### Instructions to follow
Write out, without any change, the lines in the material below that run from the line with "今日3d试机号的开奖号码是8" through the line with "所在階/向き | 13階/北西 | 間取り | 1LDK+WIC+SIC |", both included.

### Exercise materials
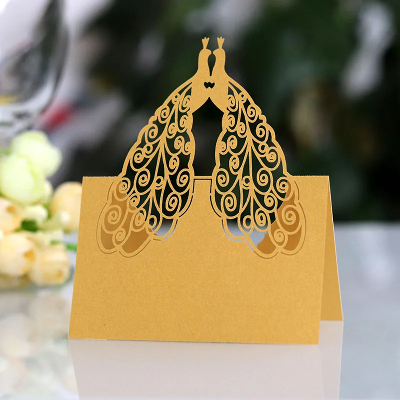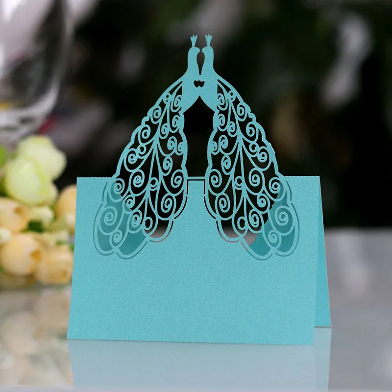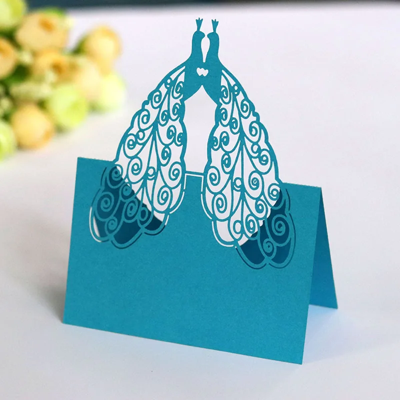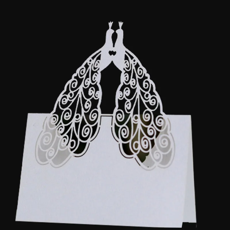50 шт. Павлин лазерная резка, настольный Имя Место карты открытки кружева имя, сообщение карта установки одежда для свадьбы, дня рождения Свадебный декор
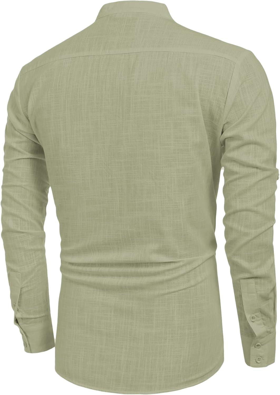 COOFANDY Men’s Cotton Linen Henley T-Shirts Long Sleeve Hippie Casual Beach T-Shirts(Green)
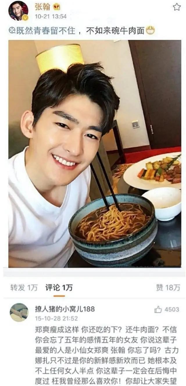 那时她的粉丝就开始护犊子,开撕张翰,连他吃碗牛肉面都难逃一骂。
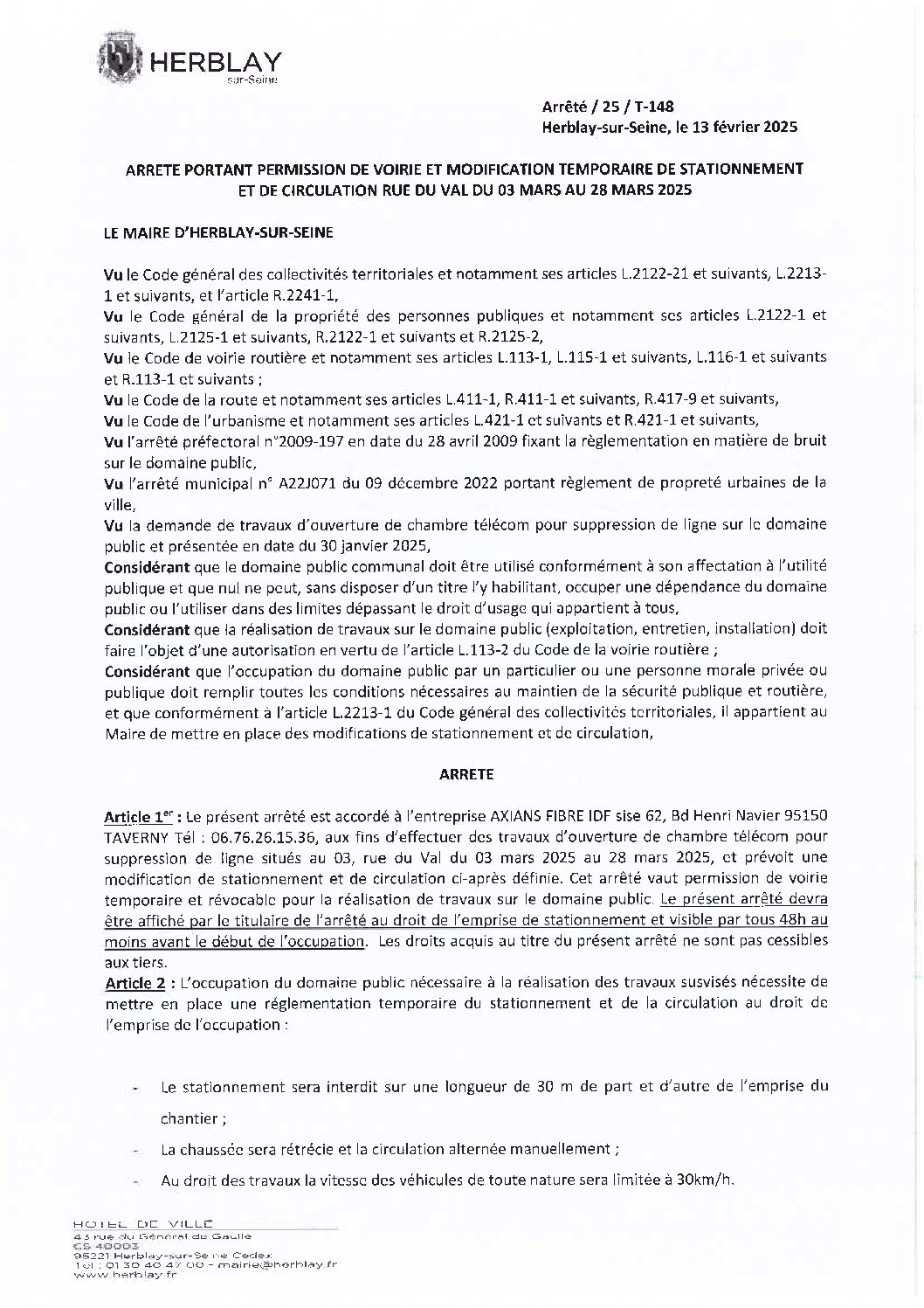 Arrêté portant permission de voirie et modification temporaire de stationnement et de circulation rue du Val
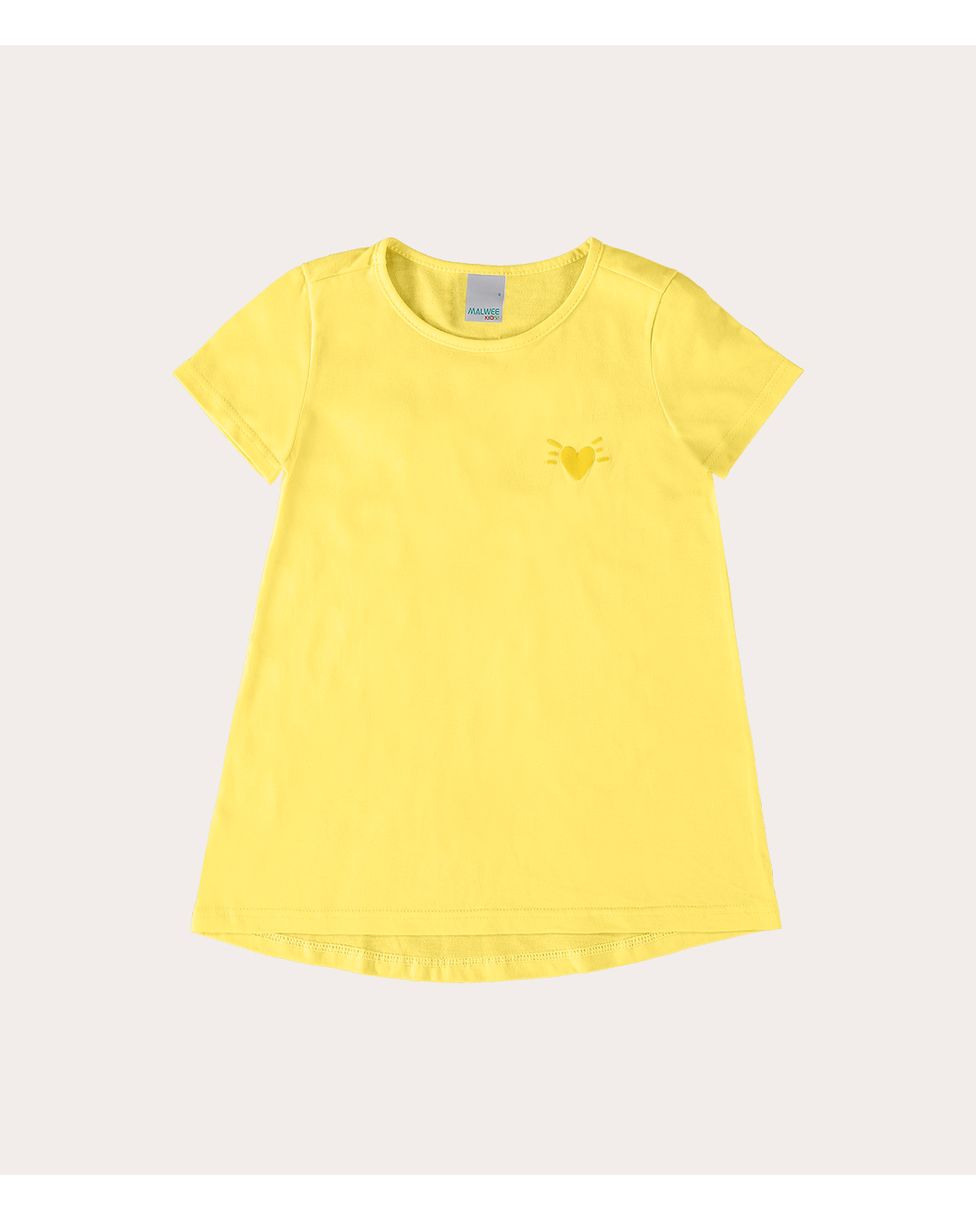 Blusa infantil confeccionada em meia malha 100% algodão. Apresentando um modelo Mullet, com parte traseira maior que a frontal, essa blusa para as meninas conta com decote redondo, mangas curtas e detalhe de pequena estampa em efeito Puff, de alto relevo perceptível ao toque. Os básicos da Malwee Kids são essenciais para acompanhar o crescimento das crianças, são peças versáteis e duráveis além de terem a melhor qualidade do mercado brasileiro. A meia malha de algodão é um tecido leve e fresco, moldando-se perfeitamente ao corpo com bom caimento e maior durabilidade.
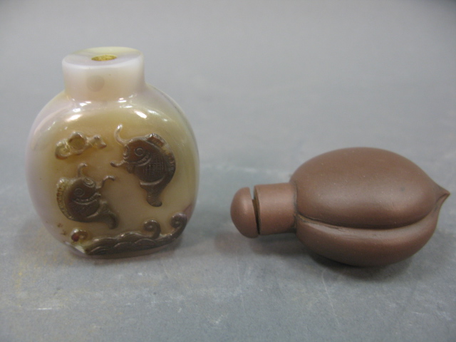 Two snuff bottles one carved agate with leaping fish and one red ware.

---

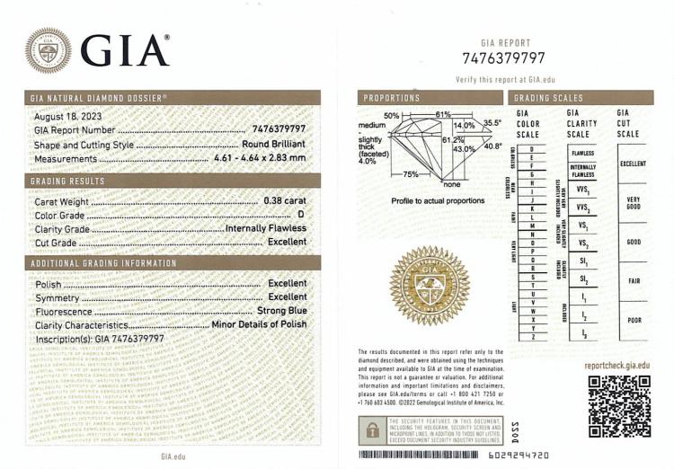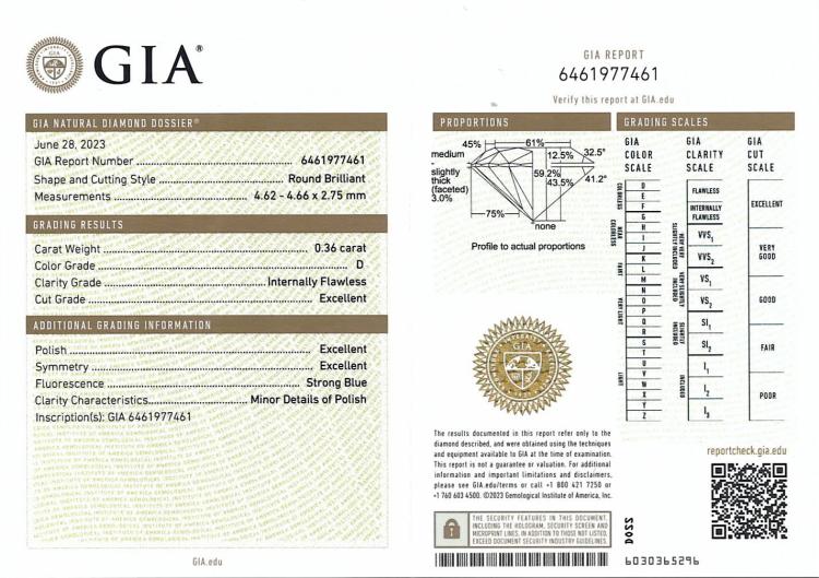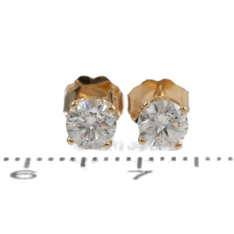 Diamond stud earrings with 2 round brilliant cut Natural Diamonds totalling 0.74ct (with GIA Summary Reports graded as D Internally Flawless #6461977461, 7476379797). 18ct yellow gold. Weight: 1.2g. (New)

==

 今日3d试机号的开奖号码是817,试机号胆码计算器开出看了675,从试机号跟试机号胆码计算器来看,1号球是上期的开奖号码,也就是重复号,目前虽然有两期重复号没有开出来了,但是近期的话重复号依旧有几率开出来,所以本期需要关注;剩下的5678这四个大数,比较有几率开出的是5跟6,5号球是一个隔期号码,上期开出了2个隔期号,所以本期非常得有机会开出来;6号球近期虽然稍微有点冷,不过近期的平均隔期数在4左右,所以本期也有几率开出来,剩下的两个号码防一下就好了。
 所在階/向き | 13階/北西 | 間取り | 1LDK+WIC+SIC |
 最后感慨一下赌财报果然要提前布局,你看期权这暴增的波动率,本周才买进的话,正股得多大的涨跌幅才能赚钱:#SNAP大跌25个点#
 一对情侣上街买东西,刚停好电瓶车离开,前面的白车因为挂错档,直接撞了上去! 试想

### Result for this exercise
 今日3d试机号的开奖号码是817,试机号胆码计算器开出看了675,从试机号跟试机号胆码计算器来看,1号球是上期的开奖号码,也就是重复号,目前虽然有两期重复号没有开出来了,但是近期的话重复号依旧有几率开出来,所以本期需要关注;剩下的5678这四个大数,比较有几率开出的是5跟6,5号球是一个隔期号码,上期开出了2个隔期号,所以本期非常得有机会开出来;6号球近期虽然稍微有点冷,不过近期的平均隔期数在4左右,所以本期也有几率开出来,剩下的两个号码防一下就好了。
 所在階/向き | 13階/北西 | 間取り | 1LDK+WIC+SIC |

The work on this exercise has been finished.